Research Article | Open Access
Ningbo Li, Humin Lei, Lei Shao, Tao Liu, Bin Wang, "Trajectory Optimization Based on Multi-Interval Mesh Refinement Method", Mathematical Problems in Engineering, vol. 2017, Article ID 8521368, 8 pages, 2017. https://doi.org/10.1155/2017/8521368
Trajectory Optimization Based on Multi-Interval Mesh Refinement Method
In order to improve the optimization accuracy and convergence rate for trajectory optimization of the air-to-air missile, a multi-interval mesh refinement Radau pseudospectral method was introduced. This method made the mesh endpoints converge to the practical nonsmooth points and decreased the overall collocation points to improve convergence rate and computational efficiency. The trajectory was divided into four phases according to the working time of engine and handover of midcourse and terminal guidance, and then the optimization model was built. The multi-interval mesh refinement Radau pseudospectral method with different collocation points in each mesh interval was used to solve the trajectory optimization model. Moreover, this method was compared with traditional method. Simulation results show that this method can decrease the dimensionality of nonlinear programming (NLP) problem and therefore improve the efficiency of pseudospectral methods for solving trajectory optimization problems.
Beyond visual range (BVR) combat is being the main form of future air combat [1–3]. Developing the missile with BVR combat capability by improving the existing medium range missile has great practical significance. Considering the existing propulsion capability, we can effectively increase the range by trajectory optimization.
Trajectory optimization has been a hot research topic in the field of aircraft guidance and control. Many scholars have studied it in view of the different background.
Considering the long range of the flight, problems such as structural strength, normal work of the engine, and control stability give rise to strict requirements on the dynamic pressure, overload, control, and other characteristics of the process. Therefore, trajectory optimization of the air-to-air missile can be regarded as a complex nonlinear optimization problem.

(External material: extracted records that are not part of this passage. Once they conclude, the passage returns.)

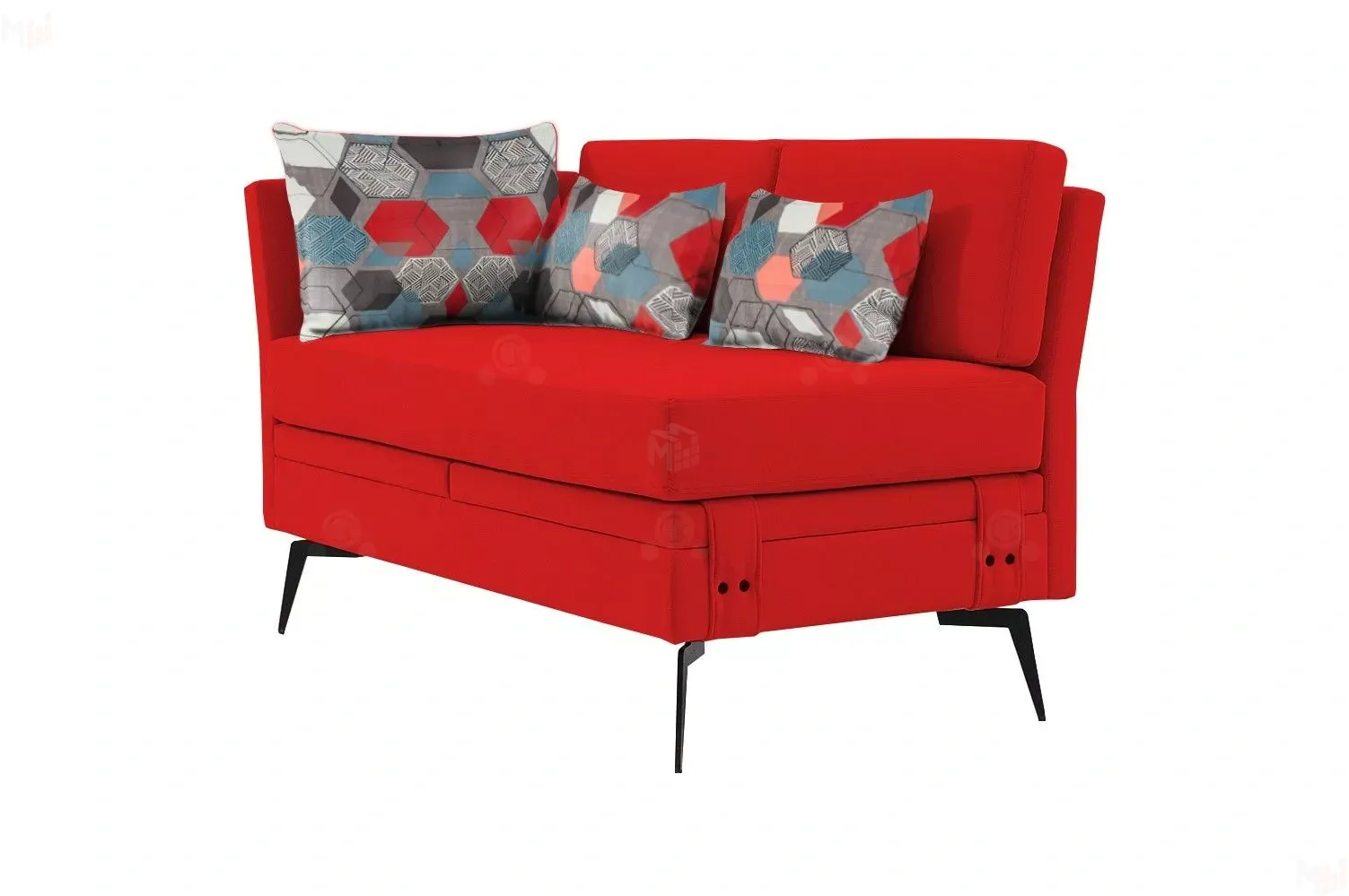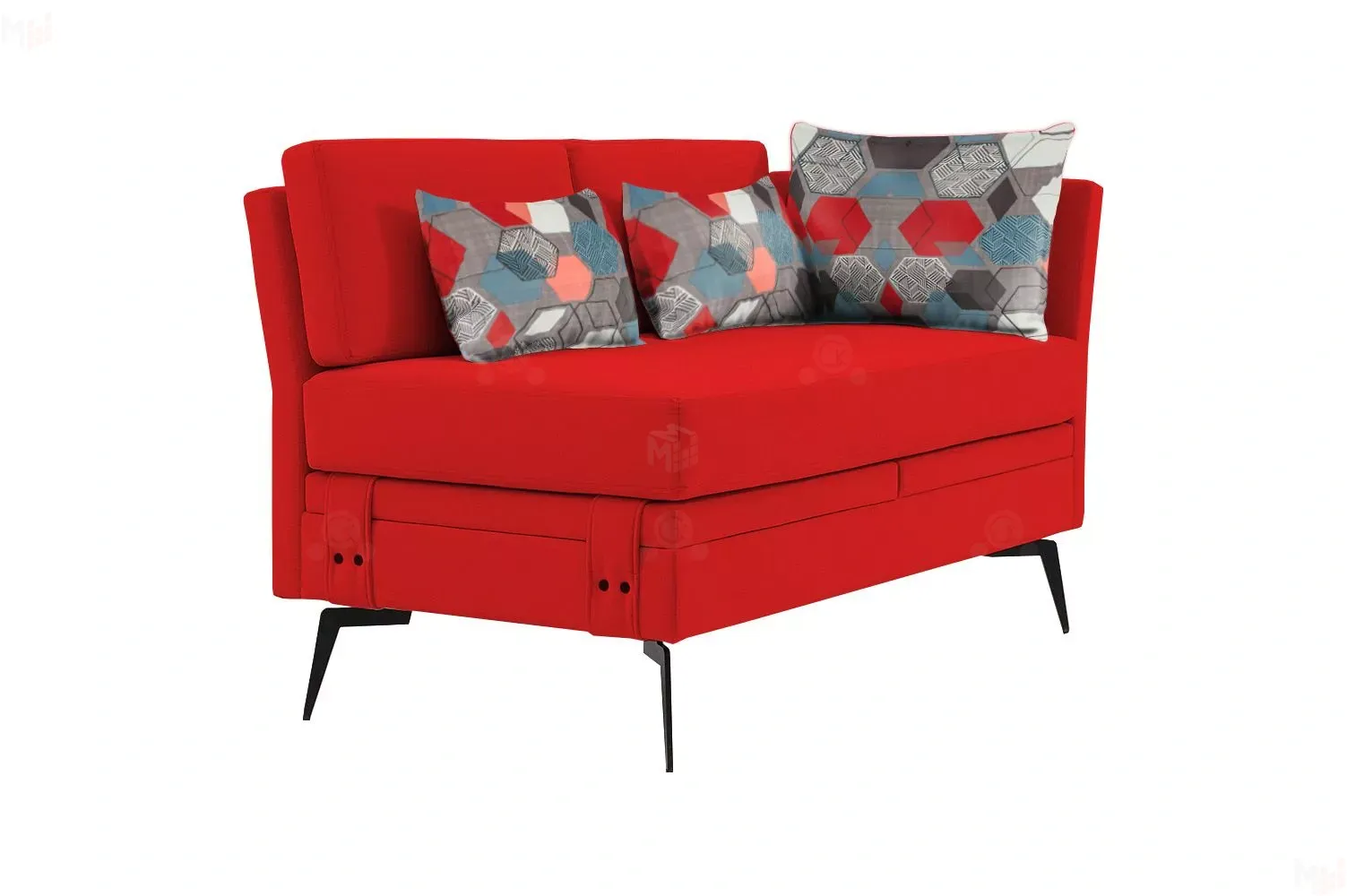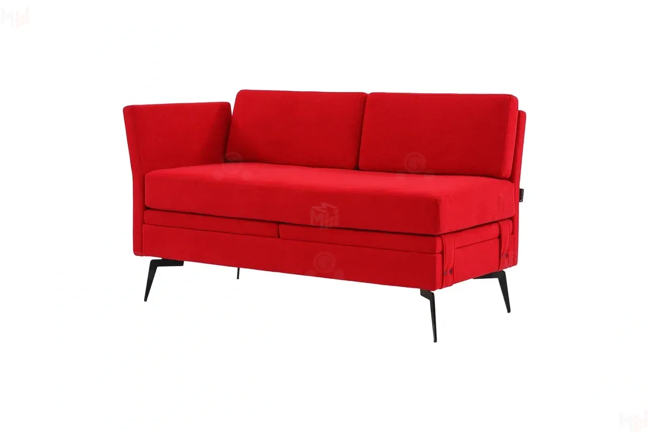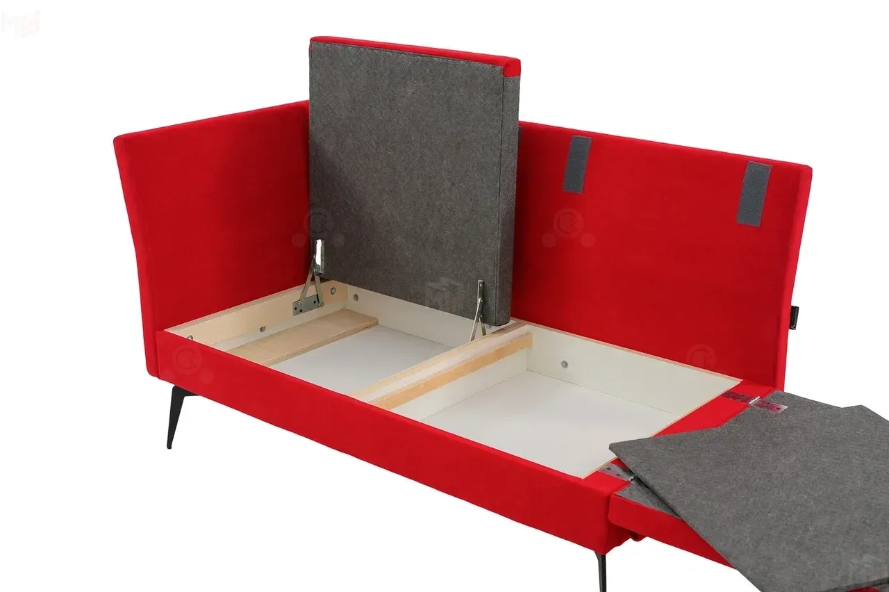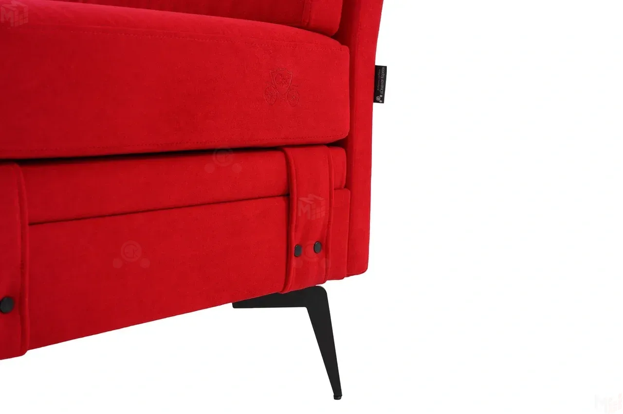 Достоинством данной модели является наличие мягкого подлокотника, который обеспечивает комфортную и уютную посадку и отдых. А неповторимый дизайн данной модели придают высокие металлические опоры, благодаря которым диван смотрится легко и воздушно, а также декоративные пуговицы в цвет ножек.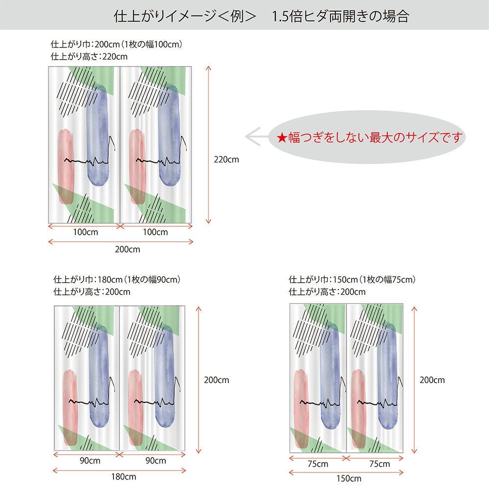 ※1.5倍ヒダで1枚あたり横幅が90~100cmまでであれば、多くのカーテンが生地1巾(巾継ぎなし)で縫製されます。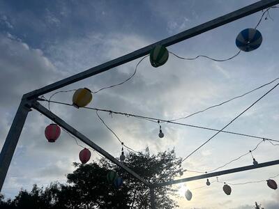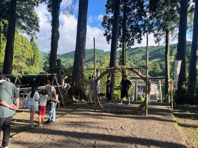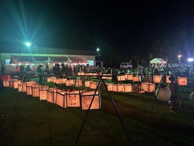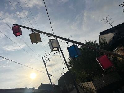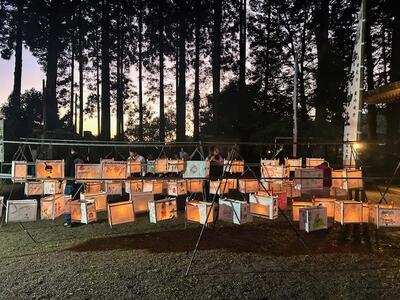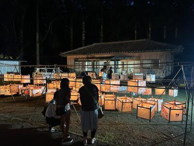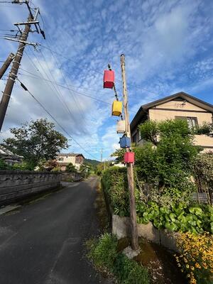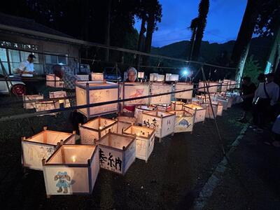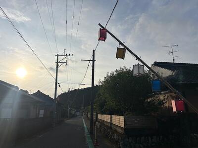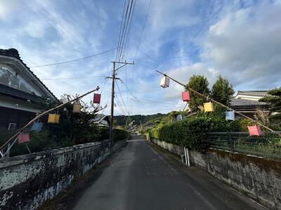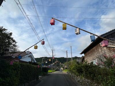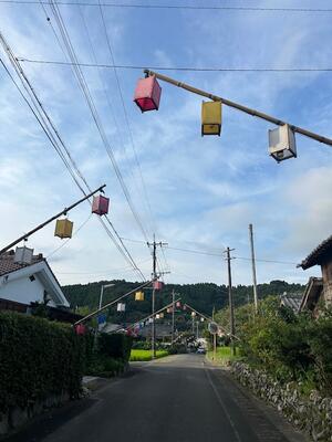 ・梶山地区では、毎年盆の時期になるとたくさんの手作り灯籠が飾られ、幻想的な風景が楽しめます。梶山地区一体となった取組で、赤、青、緑、黄色の灯籠が軒先にずらりと下げられ、通り行く人々を癒やしています。「ひとつひとつの明かりは小さいけれど、みんなの明かりを集めれば明るく、多くの人が元気になる。」「結い」の心を示しているそうです。

With the development of computer technology, the direct method based on parameterization has developed remarkably [4–6]. This method converts the optimal control problem of continuous time into NLP problem and then solves it by NLP solver, such as the sequential quadratic programming (SQP) , which is recognized as the best solving method for NLP problem.
During last decades, pseudospectral methods have been a research hotspot in the domain of trajectory optimization [8, 9]. In this method, the control and state are firstly discretized at certain collocation points in the time interval of interest, which are then approximated by polynomial interpolation. Finally, the optimal control problem is transformed into NLP problem which can be solved by NLP solver. Different pseudospectral methods select different collocation points and base functions of interpolation. In Huntington et al. , three kinds of commonly used pseudospectral methods, Legendre, Radau, and Gauss, were compared. The computational efficiency of the three methods is similar, while the Gauss and Radau pseudospectral methods (RPM) are superior to the Legendre pseudospectral method in the aspects of convergence rate and estimation accuracy of the costate. In addition, the RPM produces the most accurate propagated solution among three methods and the discretization of RPM spans the entire interval without overlap. So it is desirable to implement for multi-interval optimization problems. And in this paper, the RPM method is selected for air-to-air missile trajectory optimization.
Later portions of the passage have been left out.